▶ _What this task involves_:
Give back exactly the stretch of data below from the line holding "英語に親しみながら、キャラク" through the line holding "Cahir Castle ist", both ends included, and leave the remaining lines out.

▶ _Data extracts_:
--------

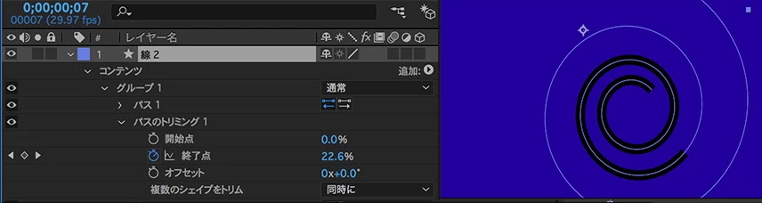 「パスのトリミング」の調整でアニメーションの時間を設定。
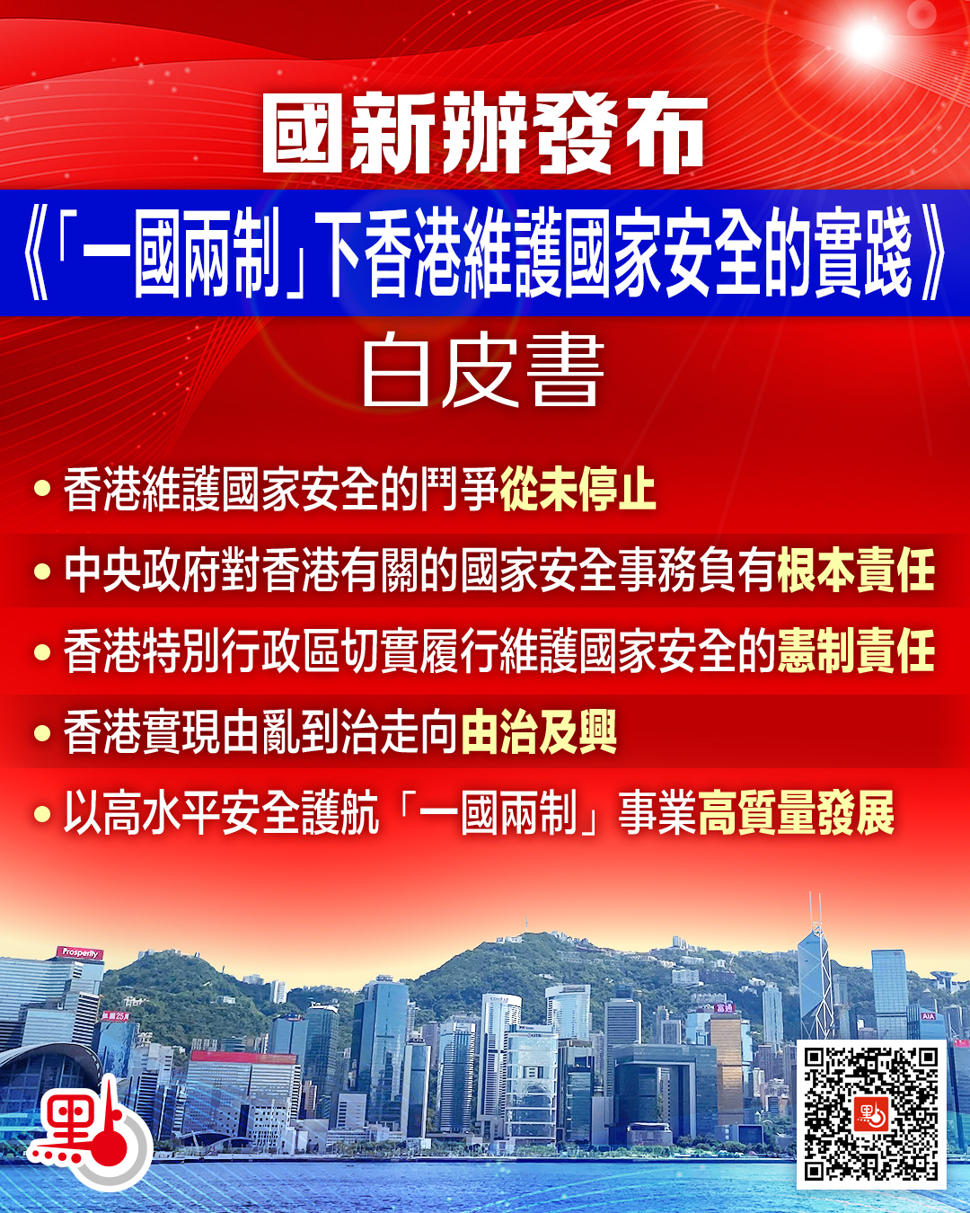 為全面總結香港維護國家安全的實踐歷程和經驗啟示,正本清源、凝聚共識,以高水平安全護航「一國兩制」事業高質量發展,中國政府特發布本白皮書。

--------

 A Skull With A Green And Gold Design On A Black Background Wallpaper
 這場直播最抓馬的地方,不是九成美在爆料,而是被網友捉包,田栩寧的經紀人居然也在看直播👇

--------

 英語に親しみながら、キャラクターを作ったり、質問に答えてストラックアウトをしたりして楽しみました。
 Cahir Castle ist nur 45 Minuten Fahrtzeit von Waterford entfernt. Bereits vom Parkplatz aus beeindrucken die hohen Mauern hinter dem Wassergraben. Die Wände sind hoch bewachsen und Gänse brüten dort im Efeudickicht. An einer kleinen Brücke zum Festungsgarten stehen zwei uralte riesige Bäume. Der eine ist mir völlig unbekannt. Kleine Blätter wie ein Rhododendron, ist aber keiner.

--------

▶ _Answer box_:
 英語に親しみながら、キャラクターを作ったり、質問に答えてストラックアウトをしたりして楽しみました。
 Cahir Castle ist nur 45 Minuten Fahrtzeit von Waterford entfernt. Bereits vom Parkplatz aus beeindrucken die hohen Mauern hinter dem Wassergraben. Die Wände sind hoch bewachsen und Gänse brüten dort im Efeudickicht. An einer kleinen Brücke zum Festungsgarten stehen zwei uralte riesige Bäume. Der eine ist mir völlig unbekannt. Kleine Blätter wie ein Rhododendron, ist aber keiner.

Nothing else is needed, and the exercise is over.